Date: Mar 13, 2013 1:33 PM
Author: mueckenh@rz.fh-augsburg.de
Subject: Re: Matheology § 222 Back to the roots

On 13 Mrz., 17:59, William Hughes <wpihug...@gmail.com> wrote:
> On Mar 13, 5:37 pm, WM <mueck...@rz.fh-augsburg.de> wrote:
>

> > On 13 Mrz., 13:19, William Hughes <wpihug...@gmail.com> wrote:
>
> <snip>
>

> > > If you wish to contest this, use my words not
> > > yours  (e.g.  I have never said "The list contains more
> > > numbers than fit into a single line",  I have said
> > > "There is no line in the list which contains every
> > > number in the list".)

>
> > Correct. The list has more numbers than a single line has. Since every
> > number that is in the list, must be in at least one line, this implies
> > that the numbers are in more than one line.

>
> To be precise, a set of lines, say K, that contains all the numbers
> contains at least two lines.


In actual infinity, this is not avoidable.
We note: At least two lines belong to the set that contains all
numbers. We call these lines necessary lines.
So the set of necessary lines is not empty.
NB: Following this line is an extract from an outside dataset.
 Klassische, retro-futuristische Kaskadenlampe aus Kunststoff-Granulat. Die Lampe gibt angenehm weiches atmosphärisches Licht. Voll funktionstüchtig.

>  However, this does *not* imply that
> there are two numbers that are not in a single line.


Why then should two lines be necessary?
One being the substitute in case the other falls ill?
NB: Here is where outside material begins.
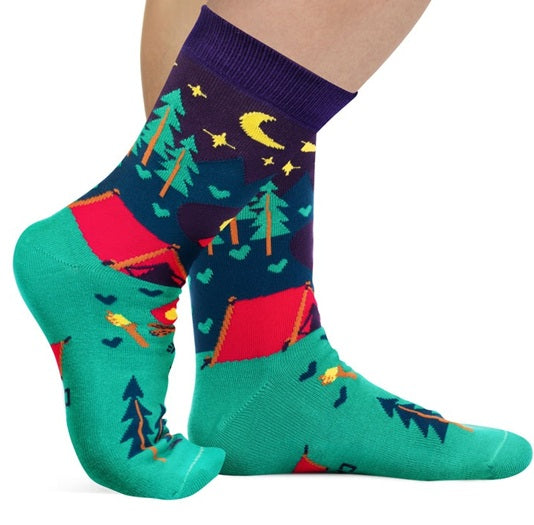 Embrace the great outdoors with these funny camping socks to keep your feet warm and spirits high! The design features a beautiful camping scene complete with bonfire, mountains, lake, canoe, starry night sky and bear prints, while the bottom of the socks showcases a funny saying: “I’d Rather Be Camping.” Any outdoorsy person is sure to love these socks! Perfect for those who enjoy hiking, camping, back-packing and exploring.

> Nor does it imply that there is a necessary line in K.

If there is not one necessary line, then there are two or more
required.
Proof: If you remove all lines from the list, then there remains no
line and no number.

> Note that a sufficient set does not imply a necessary line
> even in potential infinity.  There is no line that is needed
> to make L have an unfindable last line.


So you believe that there can remain all numbers in the list after
removing all lines? That is a remarkable claim. I would not accept it
in mathematics.

Note in actual infinity it makes sense to talk about all lines and to
remove all lines.

Regards, WM